The task —
Your output should be exactly the lines from the one containing "Rémy Levrard derrière" through the final line of the following data, please, with no pictures.

Dataset excerpt —
========================================
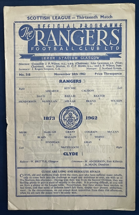 24th November 1962 – Rangers v Clyde Scottish League match played at Ibrox in front of 28,000. Rangers won the match 3-1, with goals from Brand (2), & Millar.
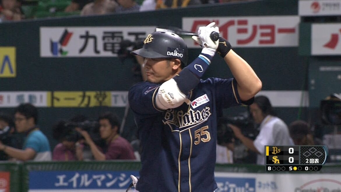 2回、オリックスのこの回先頭打者T-岡田がスタンリッジの変化球を捉えるとボールはライトスタンド中段へ。T-岡田の第13号ソロホームランでオリックスが先制に成功した。(7月8日 ソフトバンク-オリックス)
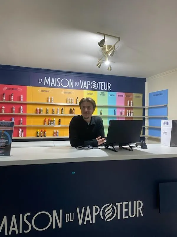 Rémy Levrard derrière le comptoir de sa nouvelle boutique.  © La Maison du Vapoteur – Rémy LEVRARD
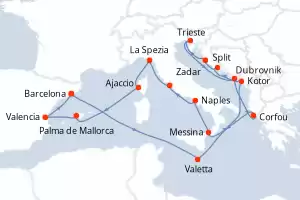 Itinerary : Barcelona, Valetta, Kotor, Split, Zadar, Trieste, Dubrovnik, Corfu, Messina, Naples, Civitavecchia / Rome, La Spezia, Ajaccio, Palma de Mallorca, Valencia, Barcelona
========================================
Response to this task —
 Rémy Levrard derrière le comptoir de sa nouvelle boutique.  © La Maison du Vapoteur – Rémy LEVRARD
 Itinerary : Barcelona, Valetta, Kotor, Split, Zadar, Trieste, Dubrovnik, Corfu, Messina, Naples, Civitavecchia / Rome, La Spezia, Ajaccio, Palma de Mallorca, Valencia, Barcelona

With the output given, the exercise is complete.